Here is a listing. Write it all out again exactly, but not its pictures.
==== INFORMATION PROVIDED ====
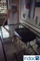 Peggy Guggenheim nella sala d'ingresso di Palazzo Venier dei Leoni, si specchia sulla superficie del tavolo, su cui è posata la scultura di Giacometti, Modello per una piazza (1931-32); alla parete è appeso il dipinto di Hélion, Composizione (Composition) (1935). Venezia, 1975
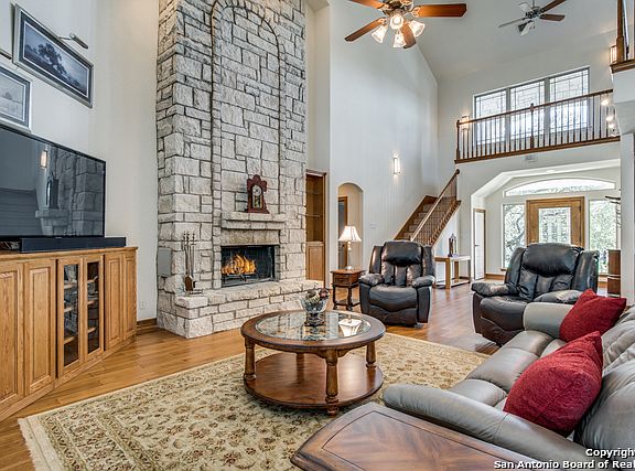 Tranquil living in the heart of the city, this one and a half story home is truly a one-of-a-kind residence said to be built on the highest elevation in Oakland Estates! Welcoming the outdoors in, the sun-filled, open concept home showcases vaulted and tray ceilings, arched entries, thoughtfully planned built-ins and rich hardwood floors. You will want to entertain for hours in the great room with its impressive two-story floor to ceiling stone gas fireplace and inviting views of the backyard. The chef-inspired kitchen features a stunning curved window facing the front of the home, wood beam accents, an oversized island with vegetable sink, double ovens, and ample cabinetry and storage. Serving is made easy with the multi-level breakfast bar boasting a built-in wine rack and adjacent formal dining room with a built-in hutch. You?ll have a choice when selecting your master suite, as two of the bedrooms offer walk-in closets, dual vanities and access to the charming sun room. Two well-lit additional bedroom suites, a private study, a skillfully designed utility room and an exercise loft with balcony access to escape and take in the city views complete the interior. Truly the heart of the property, the backyard oasis provides a covered patio, heated salt water lap pool with a stacked stone water feature, free-standing hot tub and a second seating area under mature trees. The outdoor enthusiast will enjoy having a state-of-the-art storage shed for their RV or boat with extra space for a workshop!
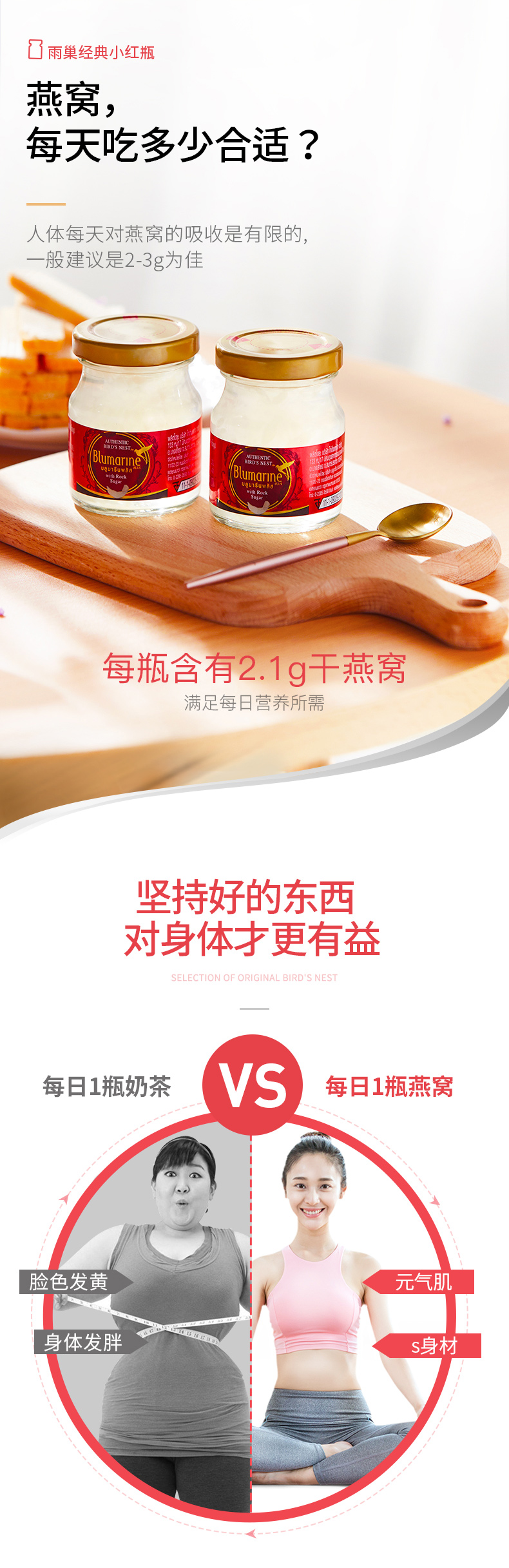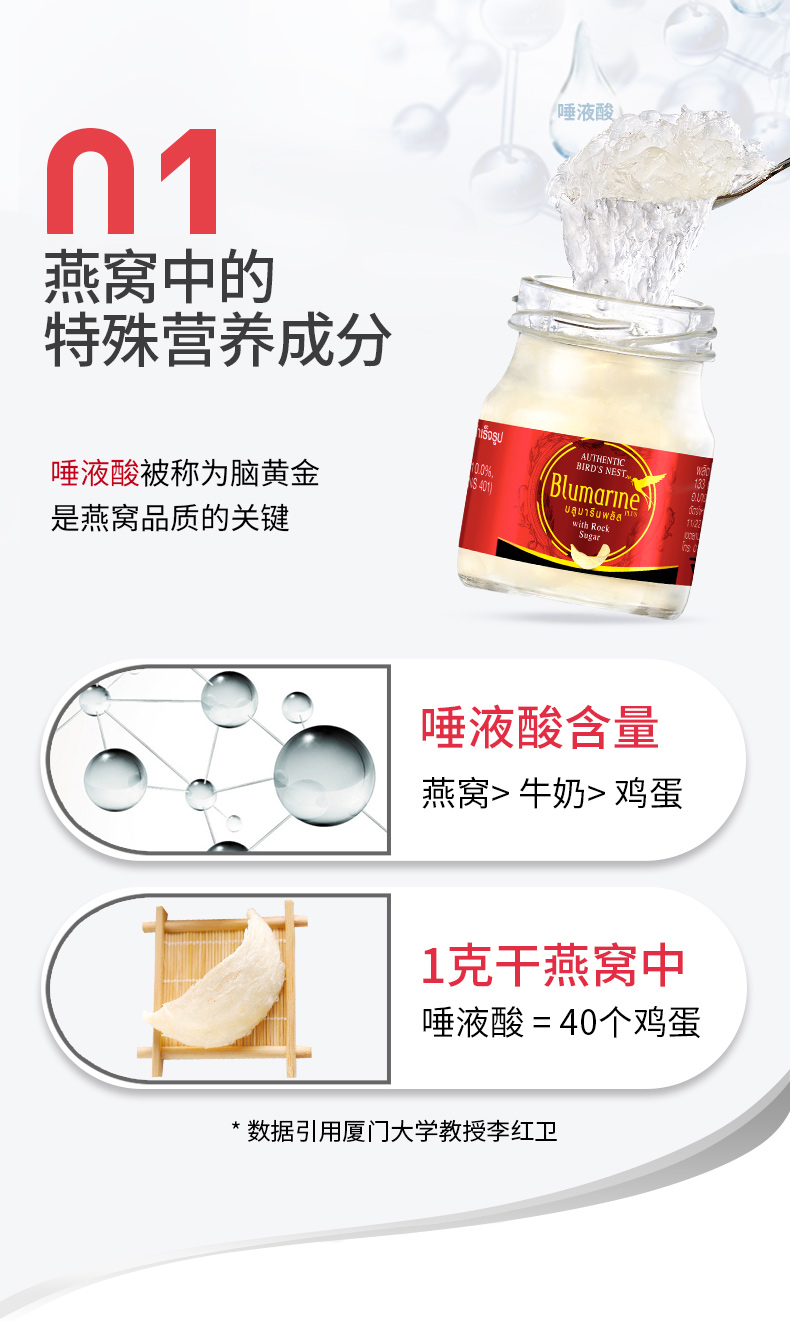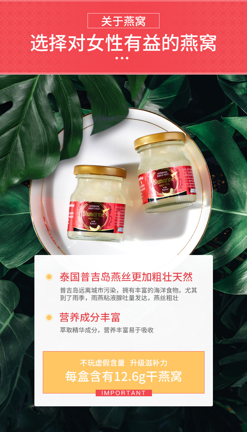 规格:75ml*6瓶/件。每盒约12g干燕窝。Blumarine 即食冰糖燕窝,选用产泰国吉岛自有生态燕房群,3次手工挑毛,121℃的温控杀菌制成,高压封口,无菌保鲜,不添加防腐剂,开盖即食。
====
**EXERCISE OUTPUT:**
 Peggy Guggenheim nella sala d'ingresso di Palazzo Venier dei Leoni, si specchia sulla superficie del tavolo, su cui è posata la scultura di Giacometti, Modello per una piazza (1931-32); alla parete è appeso il dipinto di Hélion, Composizione (Composition) (1935). Venezia, 1975
 Tranquil living in the heart of the city, this one and a half story home is truly a one-of-a-kind residence said to be built on the highest elevation in Oakland Estates! Welcoming the outdoors in, the sun-filled, open concept home showcases vaulted and tray ceilings, arched entries, thoughtfully planned built-ins and rich hardwood floors. You will want to entertain for hours in the great room with its impressive two-story floor to ceiling stone gas fireplace and inviting views of the backyard. The chef-inspired kitchen features a stunning curved window facing the front of the home, wood beam accents, an oversized island with vegetable sink, double ovens, and ample cabinetry and storage. Serving is made easy with the multi-level breakfast bar boasting a built-in wine rack and adjacent formal dining room with a built-in hutch. You?ll have a choice when selecting your master suite, as two of the bedrooms offer walk-in closets, dual vanities and access to the charming sun room. Two well-lit additional bedroom suites, a private study, a skillfully designed utility room and an exercise loft with balcony access to escape and take in the city views complete the interior. Truly the heart of the property, the backyard oasis provides a covered patio, heated salt water lap pool with a stacked stone water feature, free-standing hot tub and a second seating area under mature trees. The outdoor enthusiast will enjoy having a state-of-the-art storage shed for their RV or boat with extra space for a workshop!
 规格:75ml*6瓶/件。每盒约12g干燕窝。Blumarine 即食冰糖燕窝,选用产泰国吉岛自有生态燕房群,3次手工挑毛,121℃的温控杀菌制成,高压封口,无菌保鲜,不添加防腐剂,开盖即食。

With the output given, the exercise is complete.